Nelle cisti tiroidee semplici sintomatiche che non presentano separazioni complicate, possono essere drenate bene, ma continuano a riempirsi nonostante due o tre punture, l’ablazione con etanolo dovrebbe essere discussa con il paziente come terapia meno invasiva, economica ed efficace.
Infine, va ricordato che i noduli tiroidei asintomatici non sospetti vengono solitamente monitorati ecograficamente per un certo periodo di tempo, a seconda dei risultati EU-TIRADS ed eventualmente Bethesda. Durante et al. hanno concluso dalla loro osservazione prospettica multicentrica di 992 pazienti con 1567 noduli tiroidei senza fattori di rischio aggiuntivi che un anno dopo la diagnosi iniziale e in caso di costanza o diminuzione delle dimensioni (nell’85% dei casi) un nuovo controllo dopo (3-)5 anni è sufficiente [13].

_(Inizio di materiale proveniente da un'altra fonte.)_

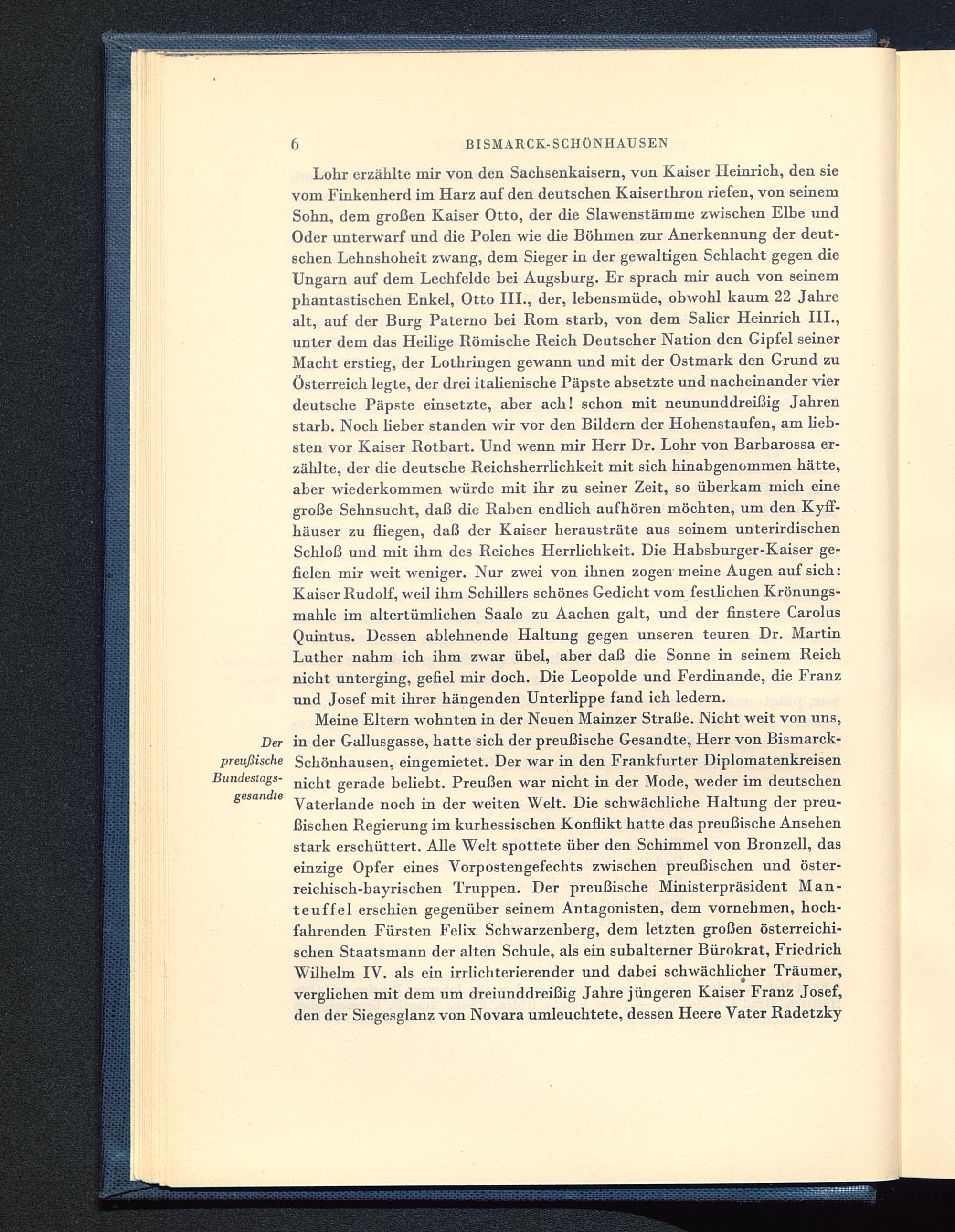 Meine Eltern wohnten in der Neuen Mainzer Straße. Nicht weit von uns,Der in der Gallusgasse, hatte sich der preußische Gesandte, Herr von Bismarck-preußische Schönhausen, eingemietet. Der war in den Frankfurter DiplomatenkreisenBundettags- n j cüt g Cra( ] e beliebt. Preußen war nicht in der Mode, weder im deutschen
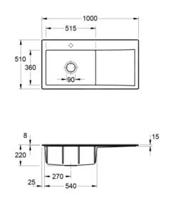 Villeroy & Boch Timeline Einbauspüle 679001RW Mit Ablaufgarnitur Und Handbetätigung, Stone White
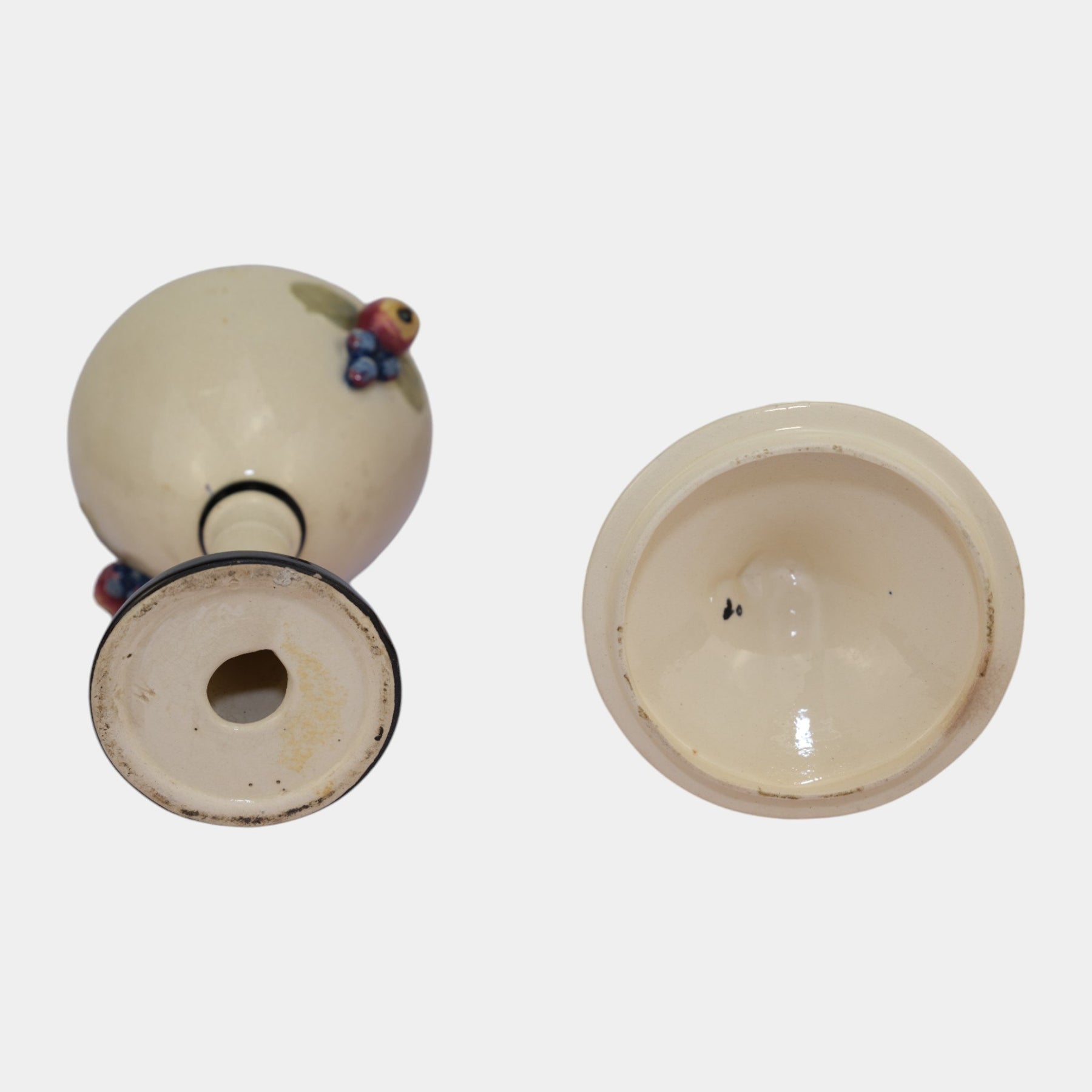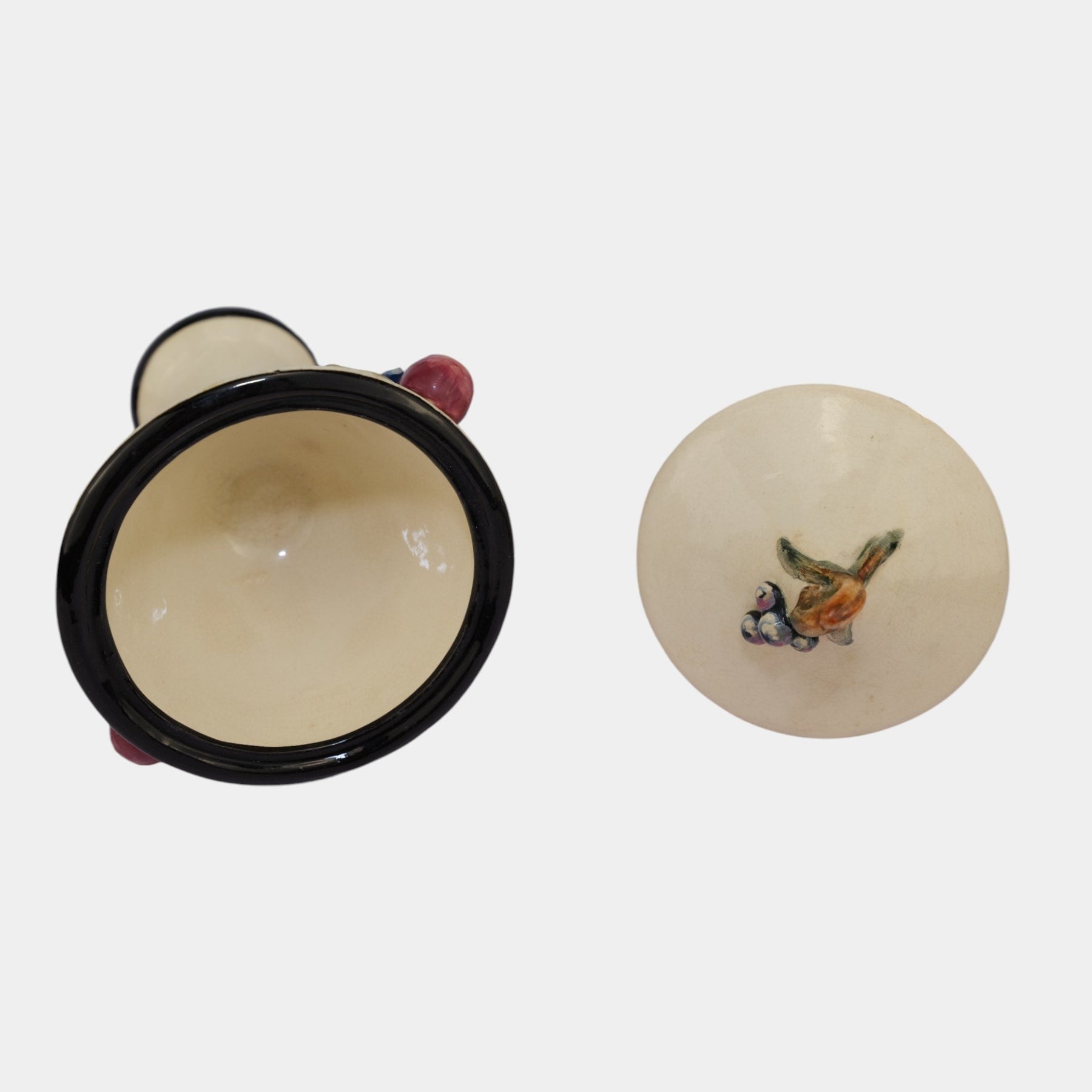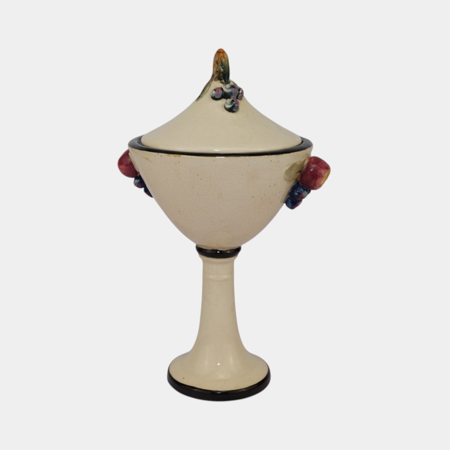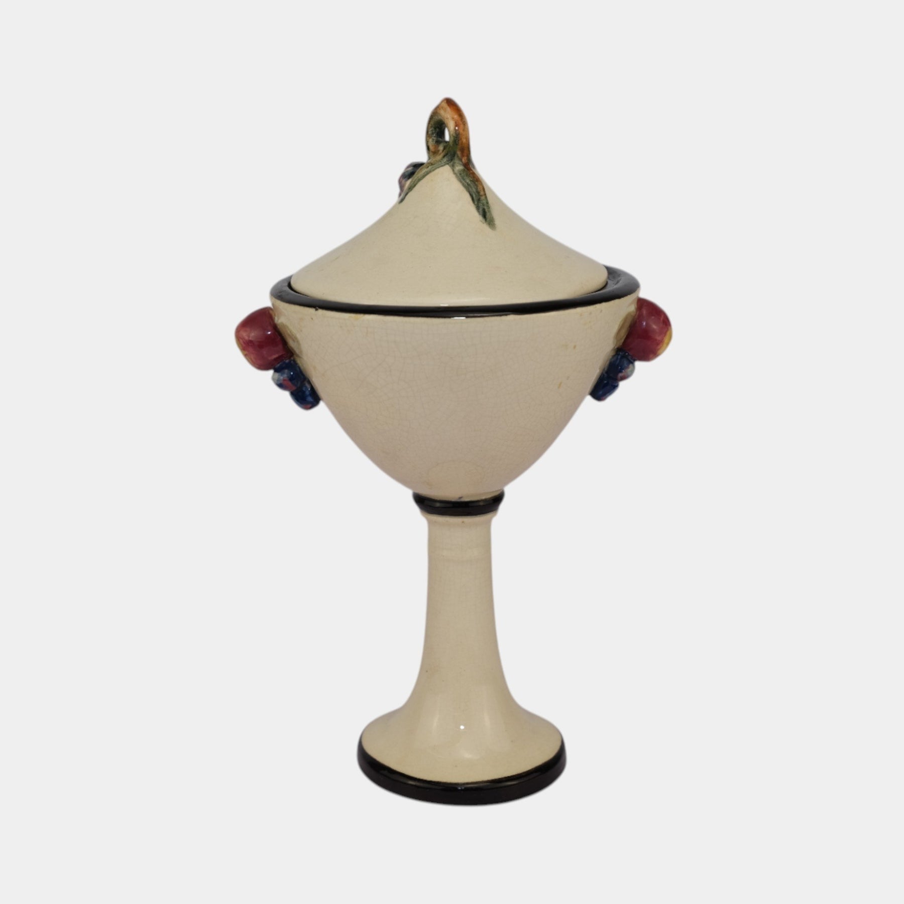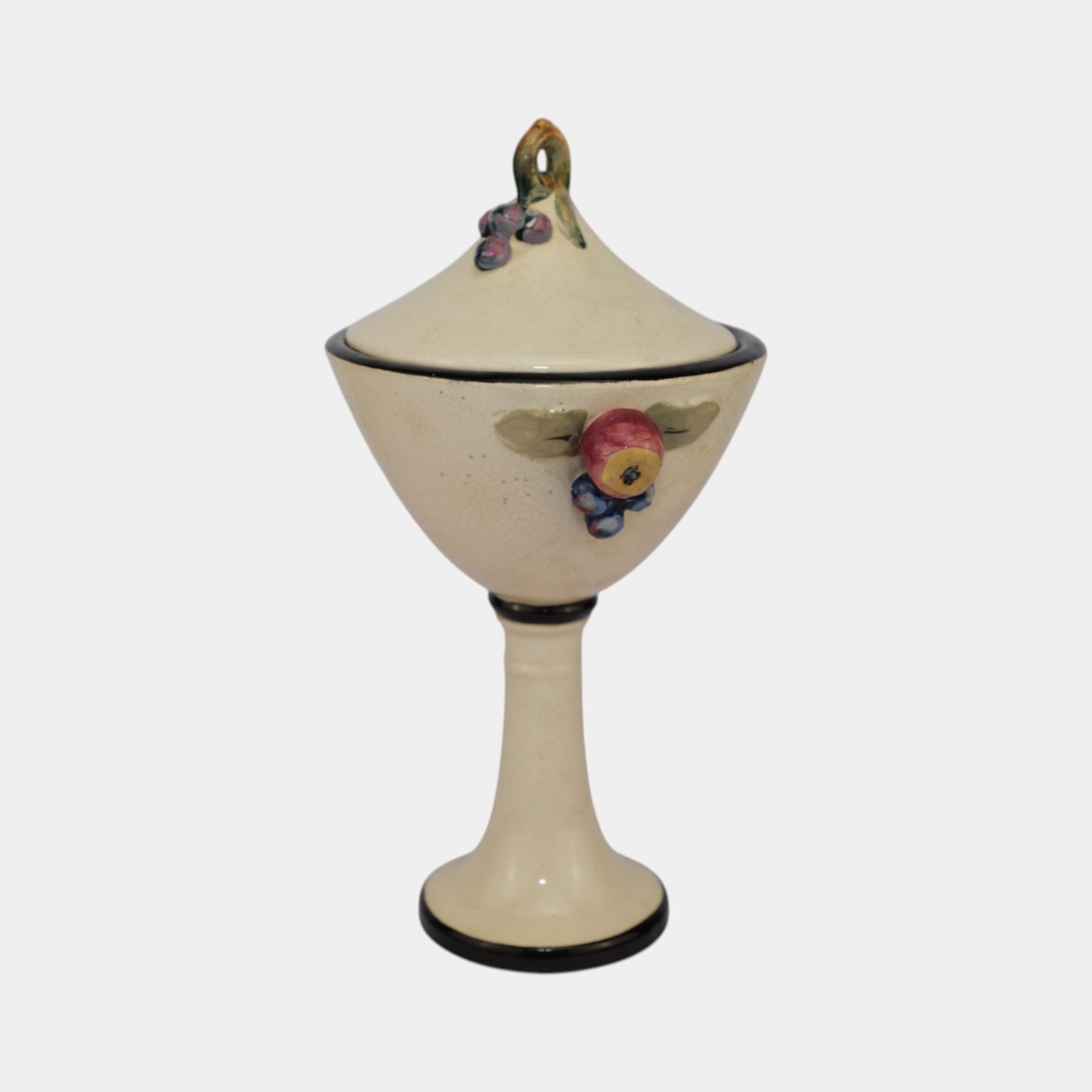 • Elegant Weller Pottery Noval line covered jar, dating to the 1920s. This vintage comport form stands on a tall pedestal base with a conical bowl and fitted lid, accented by hand-applied fruit and leaf decorations in soft pastel glazes. The creamy ground with black trim highlights the colorful details, showcasing Weller’s artistry during the early Art Deco era. A rare and decorative example, perfect for collectors of Weller Pottery or period American art pottery.

Messaggi da portare a casa
- I noduli tiroidei sono frequenti e devono essere chiariti in modo strutturato (clinica, laboratorio, caratteristiche ecografiche, scintigrafia se necessario, FNP se necessario).
- I noduli tiroidei sono – se necessario – facilmente trattabili. A seconda dell’entità nodale, spesso ci sono diverse opzioni (follow-up ecografico, intervento chirurgico, terapia con radioiodio, termoablazione, ablazione con etanolo).
- I noduli tiroidei maligni sono rari. Il trattamento è curativo nella maggior parte dei casi, se diagnosticato in tempo.